Upon looking at the first three layers of the tree plots, we observe that V14 has a position as the root node and is the most crucial feature in the decision-making process for both models. Furthermore, features such as V4, Amount, and V12 are close to the root node across these layers, suggesting their importance in the decision paths of the tree.

In [None]:
# Plot feature importances for SMOTE and ADASYN for LGBM

sorted_indices_smote = np.argsort(feature_importance_smote)
sorted_indices_adasyn = np.argsort(feature_importance_adasyn)

sorted_feature_names_smote = np.array(feature_names)[sorted_indices_smote]
sorted_feature_importance_smote = feature_importance_smote[sorted_indices_smote]

sorted_feature_names_adasyn = np.array(feature_names)[sorted_indices_adasyn]
sorted_feature_importance_adasyn = feature_importance_adasyn[sorted_indices_adasyn]

plt.figure(figsize=(10, 6))
plt.barh(sorted_feature_names_smote, sorted_feature_importance_smote)
plt.xlabel('Importance')
plt.ylabel('Features')
plt.title('Feature Importances for SMOTE set')
plt.show()

plt.figure(figsize=(10, 6))
plt.barh(sorted_feature_names_adasyn, sorted_feature_importance_adasyn)
plt.xlabel('Importance')
plt.ylabel('Features')
plt.title('Feature Importances for ADASYN set')
plt.show()

The feature importance plots for LightGBM models suggest that Amount had by far biggest importance for both training sets, followed by V14 and V4 consistently. After that, there are slight differences between the two LGBM models. Let us also look at SHAP values summary plot for the SMOTE and ADASYN datasets.

In [None]:
# Compute SHAP values for the SMOTE training set and plot summary plot
shap.initjs()
quant = QuantileTransformer(output_distribution='normal')
X_smote_transformed = quant.fit_transform(X_smote)
X_test_transformed = quant.transform(X_test)
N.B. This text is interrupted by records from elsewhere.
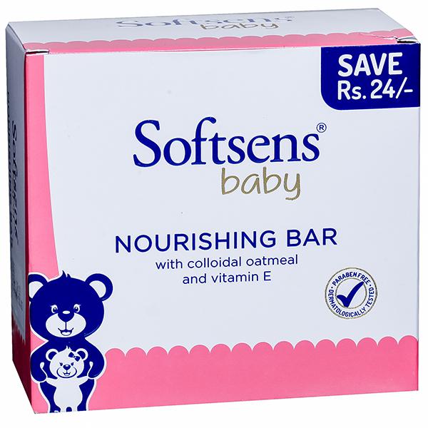 Softsens Baby Nourishing Bar is a deeply nourishing baby soap for visibly healthier and supple skin. Formulated with the goodness of rich emollients like natural almond oil and pure honey, it gently cleanses and nourishes your baby's delicate skin and locks in moisture, leaving behind soft, smooth, hydrated skin and a happy, delighted baby!
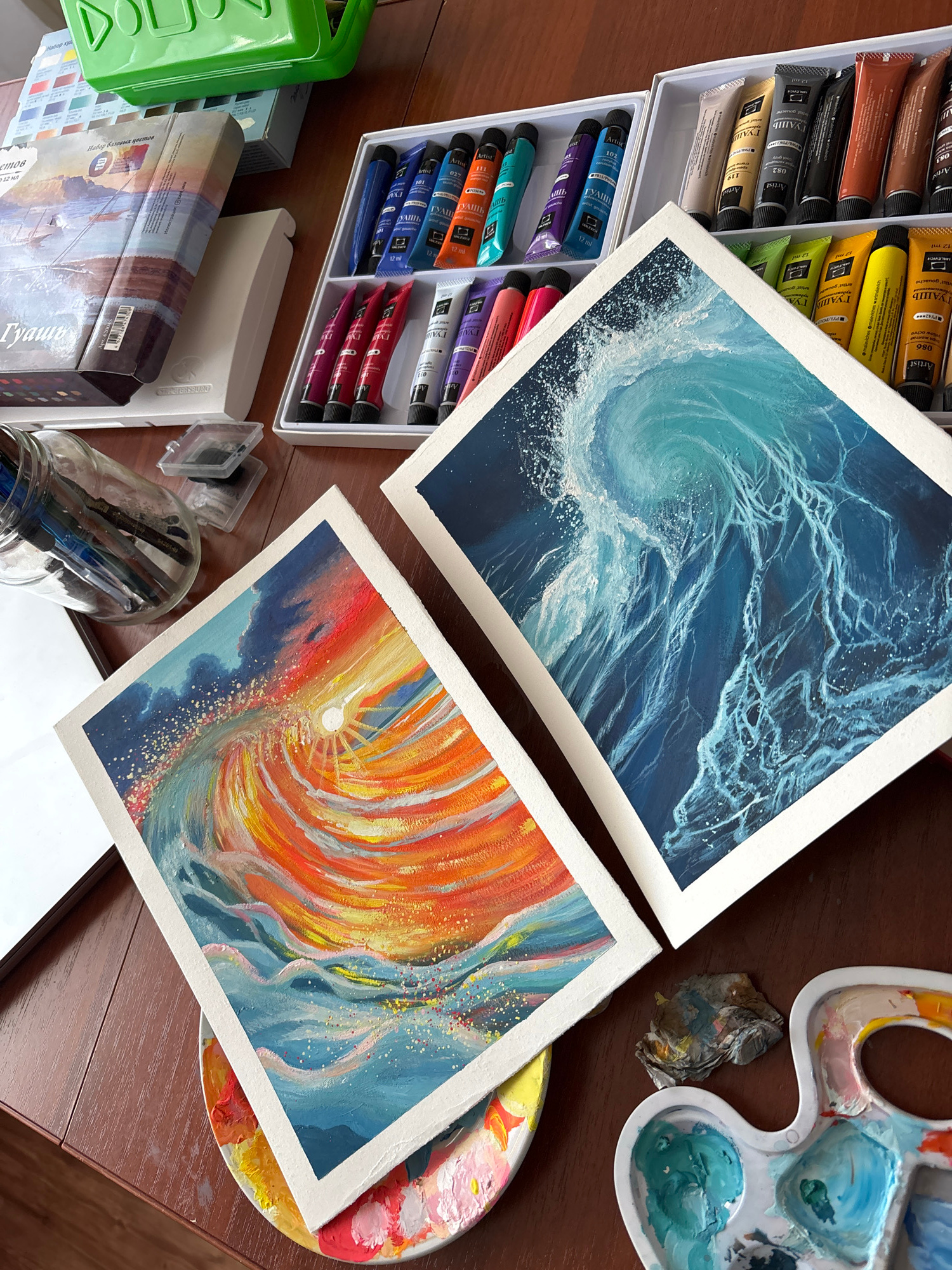 The image is an overhead shot of an artist's workspace, likely in a home setting, as indicated by the wooden table surface. Two completed paintings are centrally positioned. The upper painting feature…read more
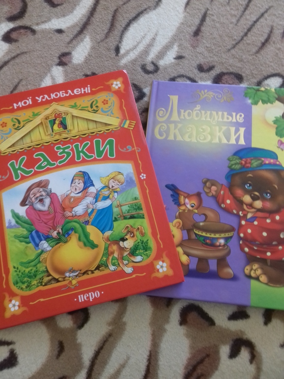 "Мої улюблені казки" - та, что первая у Вас, у нас тоже есть, первая, наверное, из некартонных. Клеенная-переклеенная, кусанная-перекусанная, думала как-то даже заменить, а потом оставила как есть для истории. Очень ее любили, и иллюстрации там милые (или я привыкла к ним).
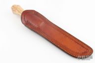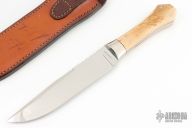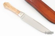 This Bowie by Jerry Langbein features a mirror finished blade with a false top edge, file worked blade spine, .189" blade stock and 1.343" blade depth, full tang construction. The handle has nickel silver dovetailed bolsters with mammoth scales with red liners. Comes with a hand tooled brown leather sheath with belt loop. Handle has a crack on the "B" side of the knife. Has a few light scratches, otherwise excellent condition.

lgb = LGBMClassifier(min_samples_split=20, min_samples_leaf=5, max_depth=10, random_state=42, verbosity=-1)
lgb.fit(X_smote_transformed, y_smote)

explainer = shap.TreeExplainer(lgb)
shap_values = explainer.shap_values(X_test_transformed)
shap.summary_plot(shap_values, X_test_transformed, feature_names=X_test.columns)

As expected, the SHAP values are quite different from the feature importances, which stems from differences between those metrics. Hee, the mean SHAP value for Amount is notably lower compared to its prominent position in the feature importances plot. Instead, features like V10 and V14 exhibit the highest impact on the model output, followed by V1 and V4.

In [None]:
# SHAP summary plot for ADASYN set
X_adasyn_transformed = quant.fit_transform(X_adasyn)
X_test_transformed = quant.transform(X_test)

lgb2 = LGBMClassifier(min_samples_split=20, min_samples_leaf=5, max_depth=10, random_state=42, verbosity=-1)
lgb2.fit(X_adasyn_transformed, y_adasyn)

explainer = shap.TreeExplainer(lgb2)
shap_values = explainer.shap_values(X_test_transformed)
shap.summary_plot(shap_values, X_test_transformed, feature_names=X_test.columns)

The second model made with ADASYN training set, however it has very similar performance, it has also quite different SHAP values. For instance, while V14 remains a significant feature (ranking first in importance), V10 is ranked sixth. This observation underscores that while there are similarities in feature importance across various models, we can see quite distinct differences too.